McKevitt, the alleged leader of the terrorist group, is being sued by the families of the those killed in the August 1998 atrocity, along with Liam Campbell, said to be his number two, Colm Murphy, Seamus McKenna and Seamus Daly.

All deny any involvement in the bombing.

Barrister Michael O'Higgins today claimed the gardai deliberately ignored the allegation to protect Rupert's credibility.

"This was something that screamed out for investigation and it wasn't," Mr O'Higgins said.

"(I'm) impugning the credibility of An Garda Síochána in turning a blind eye to an allegation that this case could be fixed up in such a way that the rotten credibility of the witness could be protected."

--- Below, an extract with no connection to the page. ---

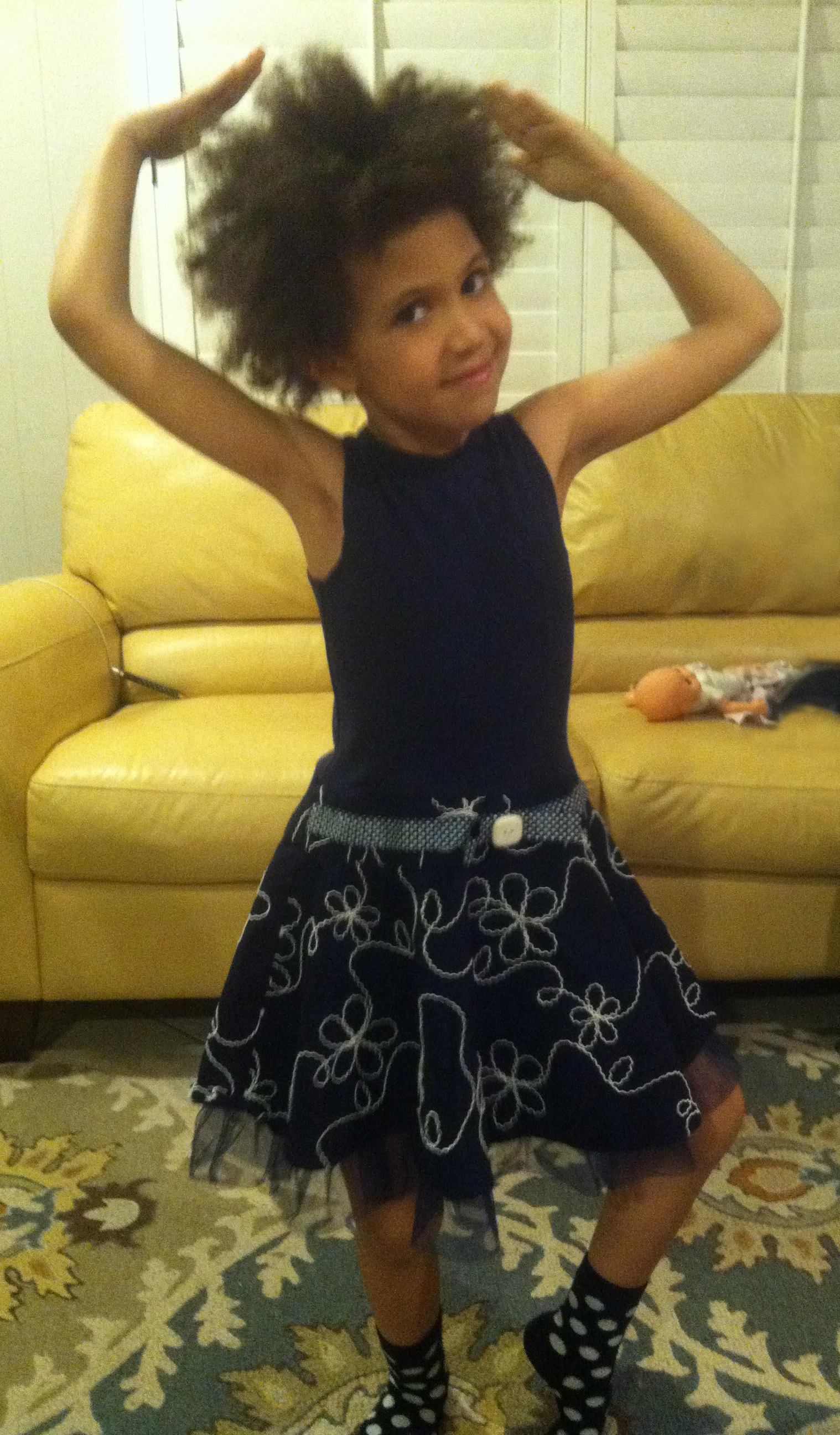 Alice is posing in her Rare Editions dress. This ‘ballerina’ type of dresses with a stretchy tank top and a full twirly skirt looks so good on her. And who doesn’t love twirly! I really like the sash/bow detail that is dropped below the waist seam, with the embroidery of the skirt peeking above it.

He said the only way the gardaí dealt with the claim was for Mr Jennings to write an eight line rebuttal.

Detective Superintendent Diarmuid O'Sullivan, who was in charge of the investigation into the McKevitt case, denied claims there was a garda cover-up.

Mr O'Higgins also hit out at the way in which Mr Jennings, who was then head of the garda's crime and security branch, failed to follow proper procedures for dealing with informers when holding clandestine meetings with Rupert in 1999.

He said no notes were taken of the conversations yet best international police practice was to keep a record of any information received and assess the source's credibility.

Despite Jennings describing Rupert as a liar, there were no notes from him to suggest this and it was only in meetings with the British Secret Service that such sentiments were recorded, Mr O'Higgins said.

Rupert also claimed to Mr Jennings in 2001 that he was on the Real IRA Army Council, which Mr O'Higgins claimed was a preposterous assumption.

"If it hadn't been for the British Security services writing it down and making it available to the state and Mr McKevitt, we would never have known that Dermot Jennings thought Rupert was a bulls******," Mr O'Higgins said.

Mr O'Sullivan said because of Mr Jennings' senior position he may not have noted what Rupert told him because he may not have deemed it important.

McKevitt appealed his 20-year prison sentenced but that was dismissed by the Supreme Court in July.

The groundbreaking civil case is the first time evidence from a case in the North has been heard in the Republic.

Last December, a Belfast judge cleared Sean Hoey, the only man yet charged in direct connection with the car bomb attack, which ripped through the Co Tyrone town, killing 29 people including a woman pregnant with twins.

The case was adjourned to the end of the month.